“大小姐太客气了。”桂嬷嬷嘴上说着客气,却早已坐下,持杯轻抿。
“咳咳。。。。。。”陈青染摆了摆手,轻咳两声,继续说,“青染微感风寒,不能去祖母面前请案,还望嬷嬷向祖母说一声。”
“哟,怎么就感染风寒?有没有请过大夫?”桂嬷嬷一听,心头微讶,急急地放下手中的杯子,问。
“都怪我没有阻止她!姐姐昨晚想起双亲,坐在窗前,吹了一夜风。适才姐姐刚醒来,还不曾请过大夫。”列秋一阵自责地说。
桂嬷嬷闻言,忙走过床边,看了看陈青染的脸色。
只见她一脸没精打彩的,状态似有些不对劲。
她忙说:“大小姐且忍一忍,老奴这就告诉老太君,请大夫过来。”
“多谢嬷嬷,咳咳。。。。。。列秋,送送嬷嬷。”陈青染有气无力地说。
先告诉老太君,这意识请不请大夫还不一定。
堂堂一个大小姐,请个大夫还这么费劲。她也是醉了。
“姐姐——”
“列秋,你安排一下那两丫头。”陈青染不愿插手这种小事,有她的小秋秋在,定不用叫她愁!
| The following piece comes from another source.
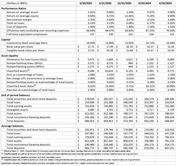Medford, Oregon – October 22, 2025 – PBCO Financial Corporation (OTCPK: “PBCO”), the holding company (the “Company”) of People’s Bank of Commerce (the “Bank”), today reported net income of $2.1 million and earnings per share of $0.39 for the third quarter of 2025, compared to net income of $2.1 million and $0.39 per share for the second quarter of 2025.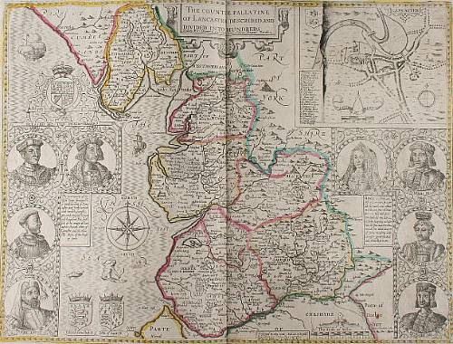 | Engraving map, outline hand colouring, with town plan of Lancaster, medallion heads of monarchs | |

蘅藜院中,方老太君眯着眼,手里拿着一串檀木佛珠,一边不停地一颗一颗地拨动着,一边听着桂嬷嬷地汇报。
等她一说完,老太君手中的动作一滞,缓缓地睁眼,淡淡地说:“去请杨大夫。”
桂嬷嬷眼睛睁得大大的,随即低头毕恭毕敬地说:“是!”
杨大夫是老太君指定的专诊大夫,老太君竟然派给大小姐使,这说明——
桂嬷嬷亲自带着杨大夫再次来到清屏阁。
杨大夫在外间便驻足,男女有大防、授受不清。
列秋放下大红绣幔,陈青染从幔中慢慢地伸出一手,露在帐外,便见列秋用帕子盖住遮掩。
一切妥当后,杨大夫递上一丝线,让列秋绑在陈青染地手腕上,他坐在外间,一阵悬丝诊脉。
他一边诊一边详细地问了问陈青染的各种情况,列秋一一回答。
桂嬷嬷分明站立一旁,看着他捋着胡须,一脸凝重。
“杨大夫,大小姐的病情如何?”桂嬷嬷轻轻地问。
“脉象十分虚弱,从刚才转述来看,的确是风寒之症。”杨大夫若有所思地说。
“咳咳。。。。。。咳。。。。。。”内室传来一阵咳嗽声,陈青染压低声音,虚弱地说,“冷。。。。。。”
列秋一听,急忙走了进来。桂嬷嬷站在内室的门帘处,却是不敢走进。
陈青染紧紧地蜷缩在被褥中,瑟瑟发抖。
“冷。。。。。。咳咳。。。。。。”她紧皱着眉,一脸疲惫地盼开眼睛,吐完一字,便剧烈的咳嗽起来,一手紧捂着胸口,说不下去。
看着陈青染蜷缩的样子,桂嬷嬷一脸凝重,瞪了一眼列秋,说:“秋姑娘赶紧为大小姐再添床被褥。大小姐好生养着,老奴先随杨大夫去取药。”
桂嬷嬷福了福,便退了出去,走到门口看见明珠明月,淡淡地说:“大小姐生病期间,你二人警醒着点。”
“是!”
杨大夫自然是知道桂嬷嬷带自己去老太君面前,倒是一句也不吭。
列秋走近陈青染的身边,顺势搭着她的脉搏,稍稍地松了口气。